Hard to beat corn unless you have some of Bob Bernowski's home-made boilies..lol.
Most easy baits like canned corn, wheatis(easy dough balls) are what a lot of us use.
I use sweet corn a lot, but i tend to "flavor" mine to add more attraction. You can use flavors from the store found in the baking area..like McCormicks banana, vanilla, maple, anise, ect. this have worked very well for me and still do.
There is no real BIG FISH bait out there, depends on the water and the fishes mood at any given time.

Good luck,
Scott


----------



## cwcarper (Apr 5, 2004)

Don't rule out bread, either. I don't really use it much but it can be a really good bait on many waters. Sometimes the wheaties doughbaits Scott mentioned will outfish many other baits. Also, assuming it's legal in the tournament, chumming an area with sweet corn, or any number of other freebies will definitely help to not only draw fish to your area, but to keep them feeding near you.


----------



## tpet96 (Apr 6, 2004)

Get yourself some Chick Peas (Garbanzo beans). Killer this time of year. Just take the dried ones....add to a sauce pan. Cover with water....boil for 5 mins. Add vanilla flavoring.....and let sit in liquid overnight.


----------



## Fishman (Apr 5, 2004)

Can you buy Chick Peas anywhere? I always hear you guys mentioning them but I never take the time to look for them


----------



## tpet96 (Apr 6, 2004)

Yep.
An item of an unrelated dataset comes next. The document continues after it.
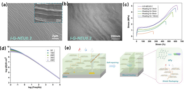图2:仿生纳米复合涂层:横截面显微示意图(a)SEM和(b)TEM;(c)Stress-Strain曲线;(d)在 3.5 wt% NaCl 溶液中浸泡 45 天的电化学EIS图;(e)防腐蚀机制与自修复原理示意图。
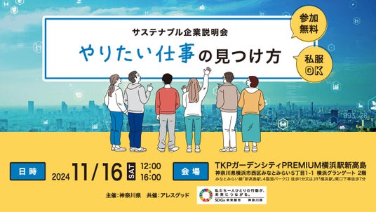県では、SDGsの実現に向け、将来の担い手育成や、企業等のSDGsに関する行動を後押ししています。こうした中、学生の就職活動において、「サステナブル」という視点が新たな企業選びの軸にもなっていることから、この度、かながわSDGsパートナー等の取組を学生に紹介し、企業理解を深めていただく「サステナブル企業説明会」を県で初めて開催することとしました。サステナブル企業がどういった活動をしているか興味・関心のある学生の皆様、ぜひご参加ください。

Most meijer, kroger, etc. will carry them. They are in the Latino section of your supermarket (mexican stuff).


----------



## PAYARA (Apr 7, 2004)

stick to the bread/corn.bread itself will out fish all
other baits if fished right.and will be killer in those inner
city lakes.


----------



## Bassnpro1 (Apr 6, 2004)

Thanks for the advice guys! I have tried bread before here and although it didn't produce quite as many fish, the size was slightly bigger on the bread. I will let you guys know if I win another one. I have entered 6 of these tournaments and have won 2 and placed 2nd by .24 lbs in another. hopefully I will have some pics also!


----------



## Miso_Ohio (Apr 6, 2004)

why not the best of both worlds, bread as a chum and corn as a hookbait. Simply squash 5 or 6 peices of bread around your sinker, then cast it out. After it sinks let it sit for a minute or two and then tighten up your line and jerk really hard. Should leave the bread on the bottom, do this a few times to use up a loave of bread, and then bait up the rods with sweetcorn. The bread should hold them in the area, and the corn should more then get its fair share of bites.


----------



## catking (Apr 5, 2004)

Good luck to you Kevin-and please give us a FULL report  THE CATKING !!!


----------